Amazon have been reformatting some of the A. E. Van Vogt 'Golden Age' books for Kindle. The plots are clunky, the science lamentable and the attitudes dated, but they do pass the test of page-turning excitement! I started with "The Weapon Shops of Isher" and "The Weapon Makers". From Wikipedia:
"The Isher/Weapon Shops novels are very rare examples of Golden Age science fiction that explicitly discuss the right to keep and bear arms, specifically guns. Indeed, the motto of the Weapon Shops, repeated several times, is "The right to buy weapons is the right to be free". Van Vogt's guns have virtually magical properties, and can only be used in self-defense.Other great van Vogt novels are "Slan"; "The World of Null-A" and "The Players of Null-A" (both ordered); "Empire of the Atom" and "The Wizard of Linn" (both featuring scientific genius Clane Linn in a post-apocalypse barbarian age). Treats for the scientifically-inclined intellectual teenager of any age.
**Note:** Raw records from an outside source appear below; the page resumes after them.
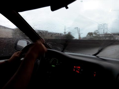 heading out on rainswept NLEX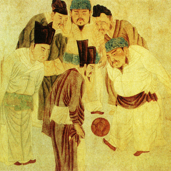 徽宗时期的御用画家苏汉臣为了给赵佶热爱蹴鞠提供历史论据和家族渊源,曾绘制一幅《宋太祖蹴鞠图》,描摹了太祖太宗兄弟和赵普、石守信、楚昭辅、党进四位文武大臣一起蹴鞠的场景。画中,赵匡胤正在用脚尖踢球,赵普撩起衣角作势接球,赵光义等人在后观看。这幅描摹宫廷君臣活动的特殊画作,不见君庄臣恭的威严,只有君臣同乐的祥和闲适。《宋太祖蹴鞠图》传递出的不仅是当时蹴鞠运动的团队精神,更是北宋君臣共治天下的治国理念。只可惜随着王朝兴替,苏汉臣的原画不知所踪,只留下元人钱选的临摹图,现收藏于上海博物馆。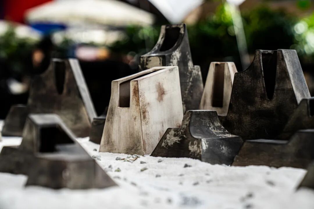 作品阐述:作品聚焦中国北方石刻艺术瑰宝—拴马桩,撷取其历经风霜侵蚀后形成的独特风化肌理,并将其与承载千年书卷文明的龙鳞装之精妙结构与层叠韵律相融合。将拴马桩的风化肌理与龙鳞装的层叠韵律以创新形态进行再现与重构,这不仅是对传统艺术形式的传承与创新,更是以艺术创作回应文化遗产保护的时代命题。在保留文物神韵的同时,探索让文化遗产在当代语境下焕发新生的可能,让更多人感受到对文物遗产消亡的思考,从而唤起社会对文化遗产保护的重视,共同守护人类文明的精神家园。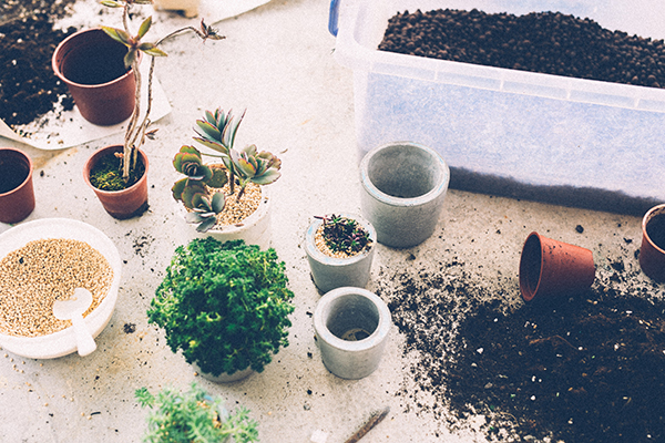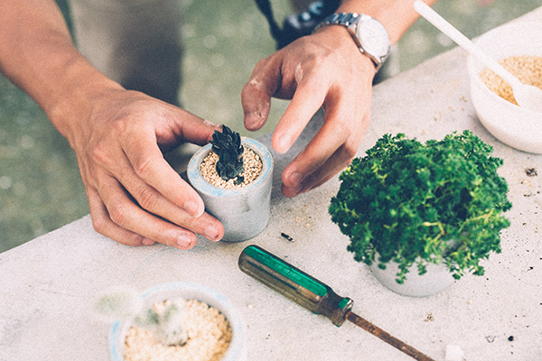 了解了多肉植物基本的特性後,接者,我們在小山舍的園子中進行「換介質、換盆 DIY」。一般我們在花市或園藝店買回來的植物,常常是以培養土及椰纖來種植,這兩者成本較低,又具有保濕保肥的特色。但是,植物不可一直依賴培養土及椰纖,差不多在種植三個月後,會因為跟空氣、水接觸而慢慢硬化。所以,買回一棵新植物,一定要記得幫他們進行換介質的手續!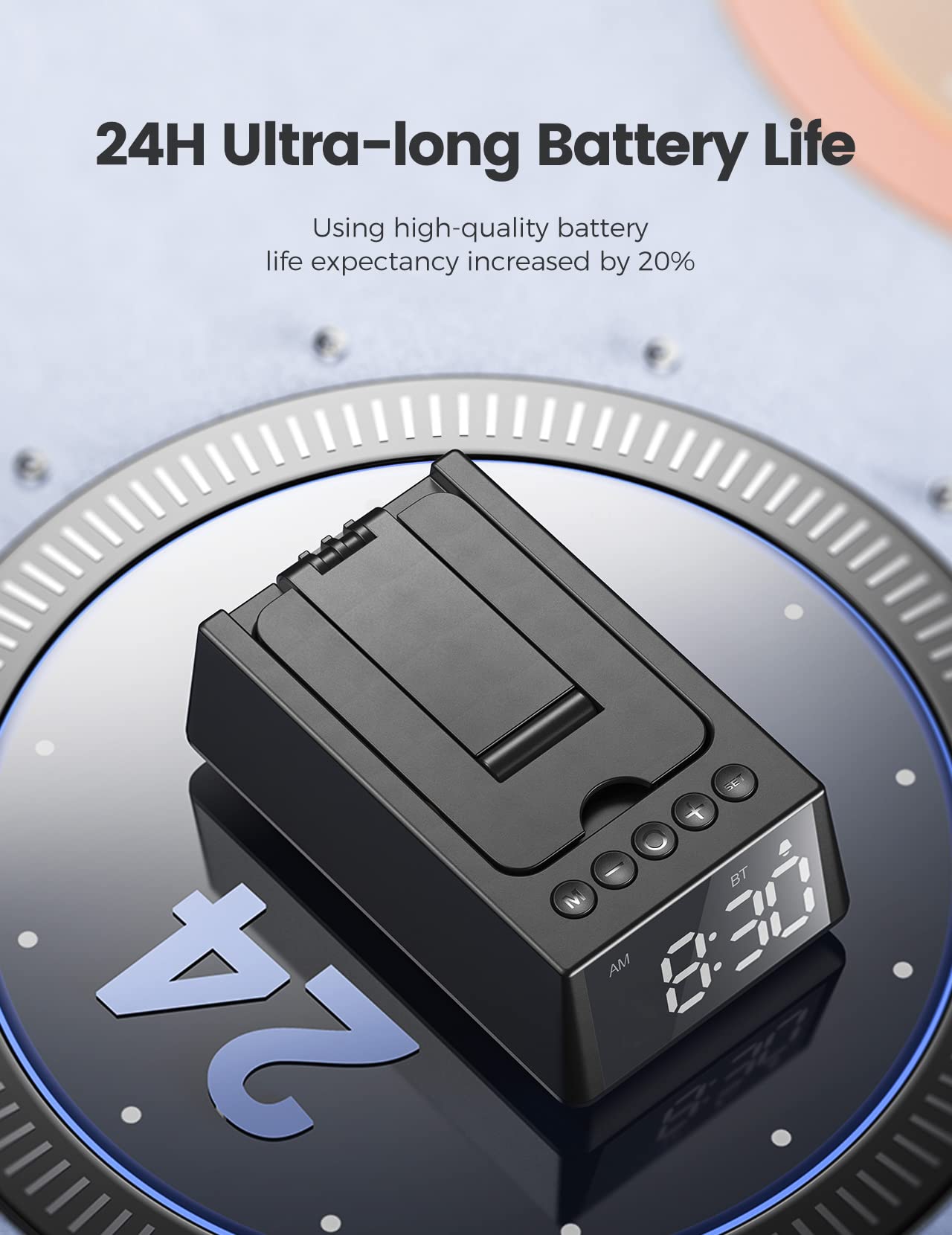 Q: How does the alarm clock function work on this device?A: The CHIFENCHY Bluetooth speaker features a built-in alarm clock function that allows you to set the time easily. Even if the screen is turned off, the time remains displayed. It also includes a snooze feature, granting you an extra 5 minutes of sleep by pressing any button except the 'SET' button during the alarm.

"The political philosophy of the Weapon Shops is minimalist. They will not interfere with the corrupt imperial monarchy of the Isher government, on the grounds that men always have a government of the type they deserve: no government, however bad, exists without at least the tacit consent of the governed. The mission of the Weapon Shops therefore is merely to offer single individuals the right to protect themselves with a firearm, or, in cases of fraud, access to a "Robin Hood" alternative court system that judges and awards compensation from large, imperial merchant combines to cheated individuals. Because the population has access to this alternative system of justice, the Isher government cannot take the final step toward totalitarianism."
Van Vogt used to say that he always engineered a cliff-hanging crisis every 800 words: critics were divided
One early and articulate critic was Damon Knight. In a chapter-long essay reprinted in In Search of Wonder, entitled "Cosmic Jerrybuilder: A. E. van Vogt", Knight famously remarked that van Vogt "is no giant; he is a pygmy who has learned to operate an overgrown typewriter". Knight described The World of Null-A as "one of the worst allegedly-adult science fiction stories ever published". About van Vogt's writing, Knight said:In fact van Vogt was treated disgracefully by the US SF establishment.
"In general van Vogt seems to me to fail consistently as a writer in these elementary ways: 1. His plots do not bear examination. 2. His choice of words and his sentence-structure are fumbling and insensitive. 3. He is unable either to visualize a scene or to make a character seem real."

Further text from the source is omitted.